弟(妹)ができた
一人っ子からお兄さん(お姉さん)になる
  
双子の場合は別として、(五つ子なんてのもありますが)兄弟姉妹の一番年上の子は、最初は一人っ子でした。
そこに、二人目の子が出来たとき、子供はどんなことを思うんでしょうねえ。
子供は、お母さんのお腹にいたときのことは憶えていません。
自分がどのように生まれてきたかは、知らないはずですね。
だから、二人目の子供が出来たとき、不思議でならないのです。
お母さんやお父さんから、「お兄ちゃん(お姉ちゃん)になるよ。」と言われますが、またまた、その意味が分からない。
一人っ子は、兄弟というものをを経験していないからです。

そして、実際に下の子が産まれると、お兄さん(お姉さん)であることを、要求されます。
この時、親の自分への扱いが急変したことに衝撃を受ける場合が少なくありません。
今までは、自分が一番可愛い存在でしたが、もっと可愛い存在が出現したのです。
さあ、上の子は戦わねばなりません。
その戦いのテーマは、
愛情争奪戦!
そして、その戦術は、
  • 年齢退行作戦!
    「親の気持ちが変わっちゃったのだ」と、目標を親に定めたら、自分も赤ちゃんになろうとします。
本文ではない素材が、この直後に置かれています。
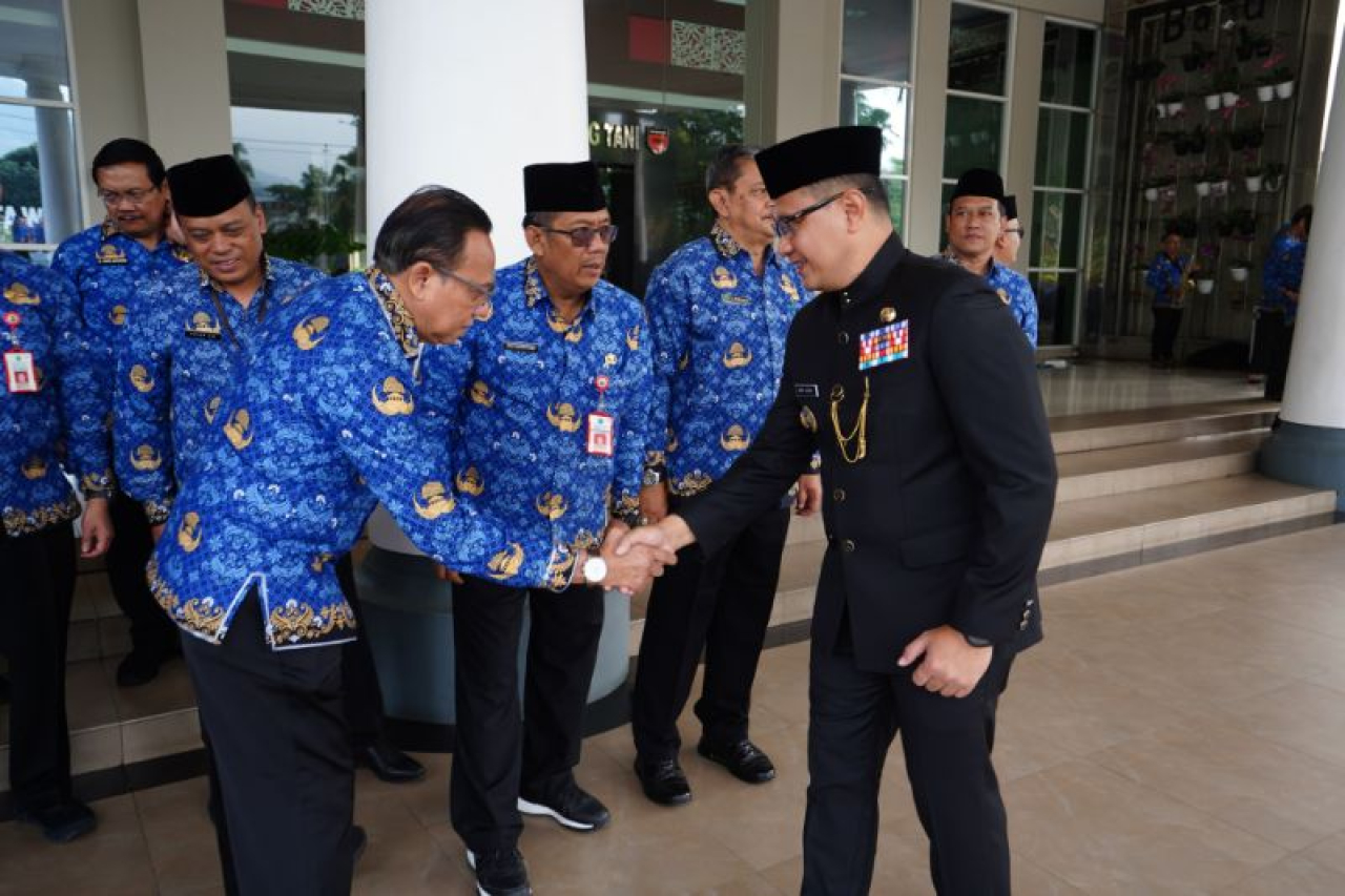Pj. Wali Kota Batu Aries Agung Paewai mengingatkan kepada seluruh ASN agar selalu bekerja dengan hati, bekerja dengan ikhlas, serta meningkatkan kualitas pelayanan kepada masyarakat.

    おねしょをするようになったり、赤ちゃん特有の喃語を言うようになったり、急に甘えん坊になったり。
  • 下の子攻撃作戦!
    「下の子が産まれたのが不幸の始まりだ」と、目標を下の子に定めたら、下の子を攻撃します。
    下の子をたたいたり、噛みついたり、無視したり。
さて、親の本音のところをおうかがいしましょう。
実際、下の子の方が可愛くないですか?

いやあ!シビアな質問ですが、
多くの場合、
クソ生意気でいたずら盛りで文句のおおい上の子と、丸くてちっちゃくて無垢で弱々しい下の子とでは、やはり下の子の方が可愛いかもしれませんねえ。
上の子は、そういうことを敏感に感じ取ります。
ま、あまりお兄ちゃん(お姉ちゃん)であることを、上の子に要求しない方が懸命だと思います。
特に、上と下との年齢差があまり開いていない場合、「上の子も下の子も子供である!」という事実が大切です。
上の子がお兄ちゃん(お姉ちゃん)としての、自覚が持てるようになるには、4〜5年はかかる、と考えておいた方が良さそうです。
愛情争奪戦を和らげるために、兄(姉)になったことに、報酬を上げるという方法があります。
「お兄ちゃんになったから」と言いながら、お菓子の量を少し増やす!
「お兄ちゃんになったね。」と言いながら、だっこする!
つまり、上の子であるという理由で、具体的な愛情を示してあげるのです。
子供は「お兄ちゃん(お姉ちゃん)に、なるのも悪くはないな!」と思うでしょう。